Gene Page III learned a number of lessons from Mrs. Parrish as well, although he never had her in the classroom -- which she told him was by design, he said. Page met Mrs. Parrish through the First Baptist Church in Bradenton and said she never hesitated to admonish him or the other guys when they needed it.
"She would impress herself upon you," he said.
Page and Mrs. Parrish continued their relationship through the years, with Mrs. Parrish calling Page when he worked at the Bradenton Herald, assisting his father. Page, who went into real estate after leaving the Herald, helped her sell her condo at Village Green when she had to move.
"She was truly an icon well before her time," he said. "We'll all miss her so much."
Mrs. Parrish formally retired from the school district in 1983, but even then, she didn't slow down. She was a volunteer at Manatee Memorial Hospital and worked part-time as a funeral assistant for Shannon Funeral Home Westview Chapel for several years. She was a member of the First Presbyterian Church and a former member of Kirkwood Presbyterian Church of Bradenton.
"She had so many things on her social calendar she needed her own private secretary," her son joked.
Mrs. Parrish was recently honored at a Manatee High School football game where the program celebrated 100 years of Manatee football during its homecoming celebrations. Her name was announced at halftime, and she had written something down for her son Paul to read for her. But, with her shaky handwriting, Paul Parrish wasn't able to make it out, and the two had a last-minute scramble to translate the information. Even approaching the age of 96, Mrs. Parrish kept her humor, with Parrish asking the crowd if they thought the administration would let a 96-year-old teach another year. And that was keeping right in her character, Parrish said, adding his mother taught as long as she could.
"That's the way she would have done it, if she could," he said.
Mrs. Parrish died in hospice early Monday morning, Parrish said. A memorial will be held at Shannon Funeral Home Westview Chapel from 6 to 8 p.m. on Friday night, 5610 Manatee Ave. W. The funeral will be held at 11 a.m. on Saturday at the First Presbyterian Church of Bradenton, 410 15th Street W.
Mrs. Parrish was predeceased by her husband Paul, in 1993. She is survived by her son, her sister Helen Aderhold, of Atlanta, and two granddaughters, Debbie Parrish and Tracy Shinners, also of Atlanta, according to Mrs. Parrish's obituary, which she wrote herself. Parrish also has two great-grandchildren, Erin and P.J. Shinners.
In lieu of flowers, Parrish is asking memorials be donated to a special scholarship fund set up for Mrs. Parrish a few years ago by some Manatee High School alumni. Donations can be made to the Jeanne M. Parrish Scholarship Fund c/o Manatee High School Alumni Association, P.O. Box 15103, Bradenton, 34208.
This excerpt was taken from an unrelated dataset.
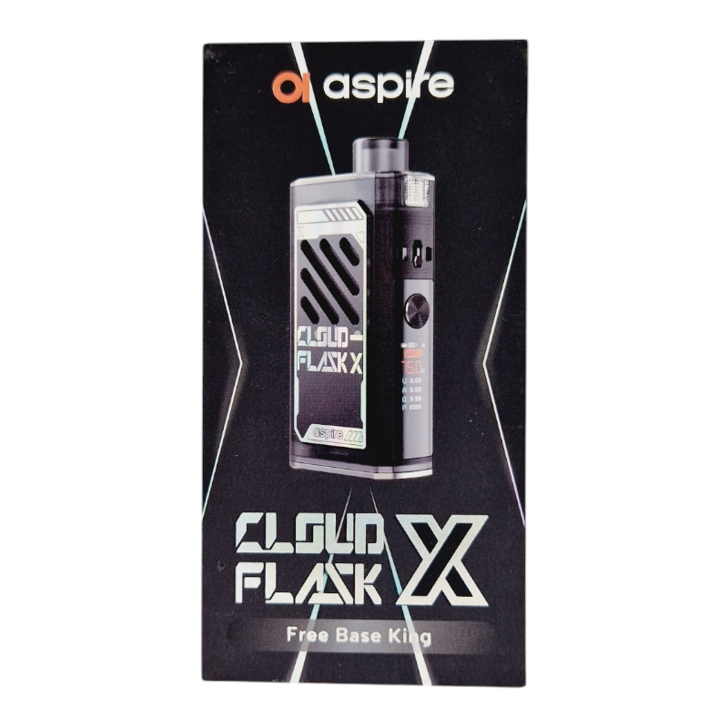Aspire présente son kit Cloudflask X Pod qui peut délivrer une puissance de 75W et fonctionne avec un accu au format 18650 (non fournis). Il dispose d'un écran de 0,96" sur le côté qui permet d'ajuster la puissance et de voir le pourcentage de batterie restant.

The scholarship was set up for Mrs. Parrish by students, and Paul Parrish remembers his mother crying when she found out. She was so popular with former students that when Parrish bought his mother her first computer, in 1996, he had to install a second phone line, because she spent all her time on the Internet, responding to emails from former students.
"Her email was flooded from her students across the country," he said. "She loved the kids she taught and she appreciated the outreach. She has become a legend."